- Required work -
All of the data that follows should be given again exactly, without its images.

- Information provided -
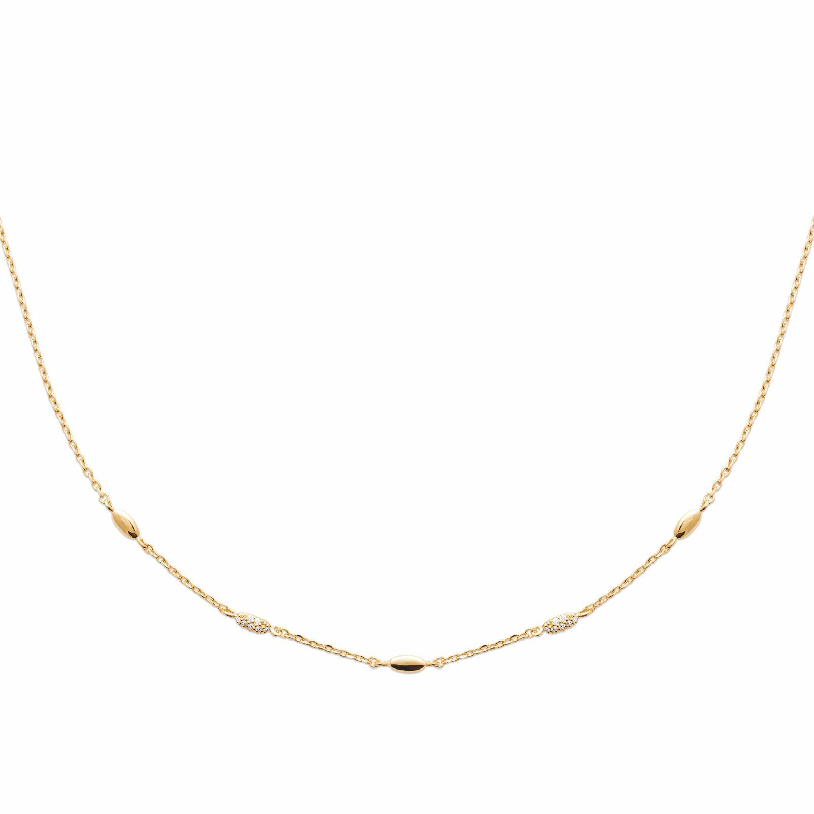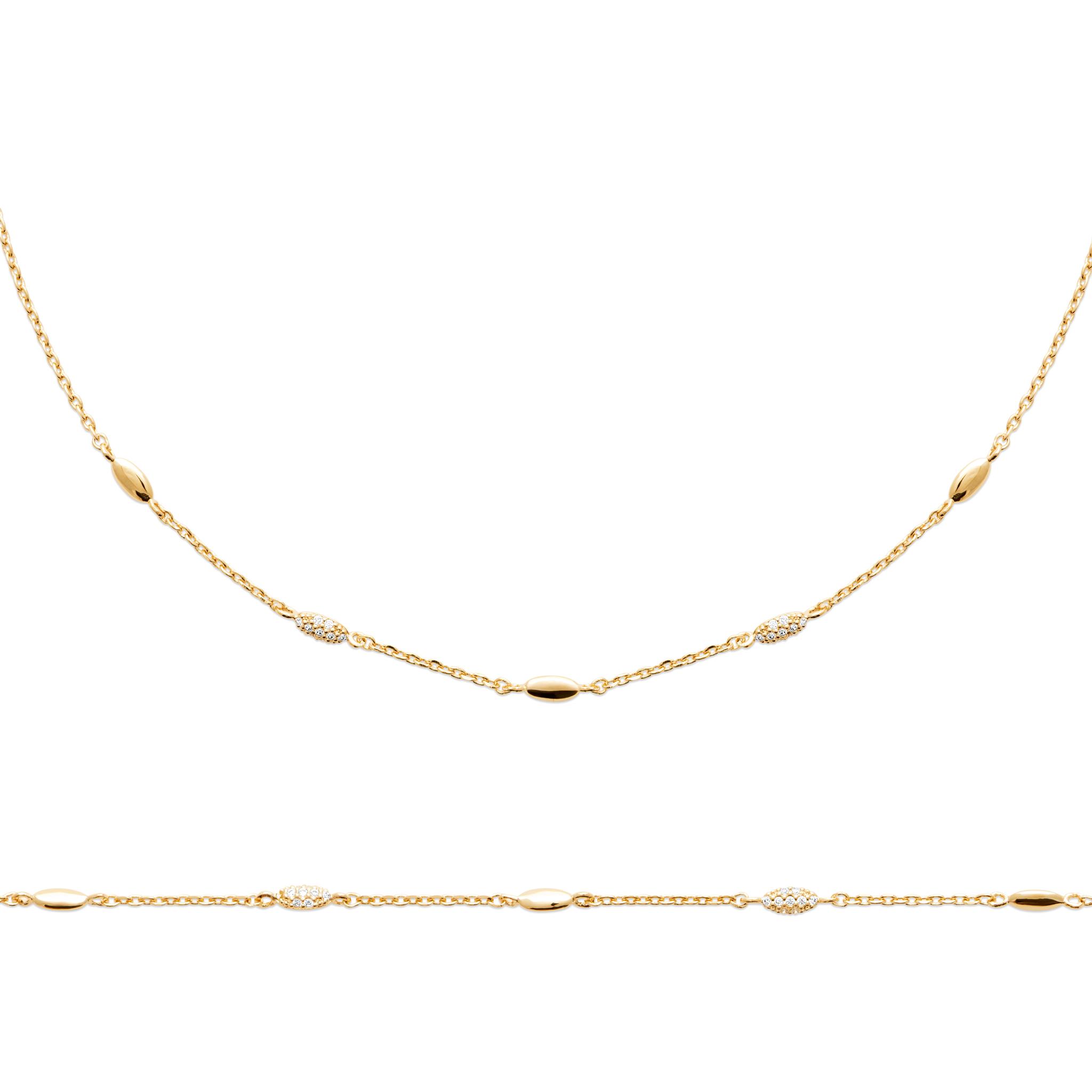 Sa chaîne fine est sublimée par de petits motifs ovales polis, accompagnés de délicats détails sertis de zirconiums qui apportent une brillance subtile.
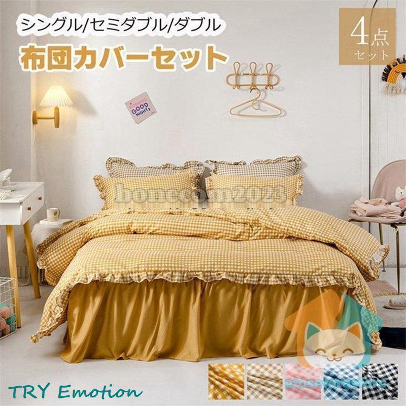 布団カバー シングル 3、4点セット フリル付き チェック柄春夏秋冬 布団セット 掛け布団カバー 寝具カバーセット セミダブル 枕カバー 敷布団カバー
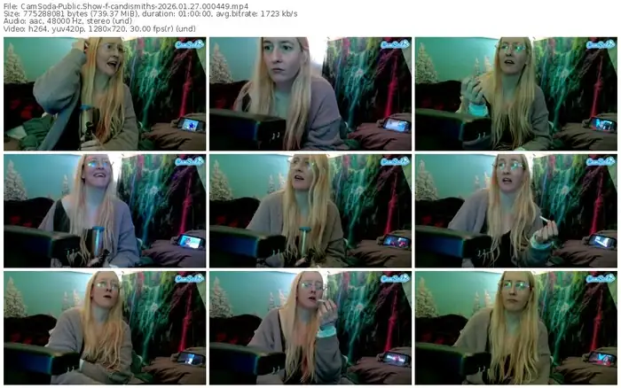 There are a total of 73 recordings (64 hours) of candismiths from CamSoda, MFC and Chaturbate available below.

- Task output -
 Sa chaîne fine est sublimée par de petits motifs ovales polis, accompagnés de délicats détails sertis de zirconiums qui apportent une brillance subtile.
 布団カバー シングル 3、4点セット フリル付き チェック柄春夏秋冬 布団セット 掛け布団カバー 寝具カバーセット セミダブル 枕カバー 敷布団カバー
 There are a total of 73 recordings (64 hours) of candismiths from CamSoda, MFC and Chaturbate available below.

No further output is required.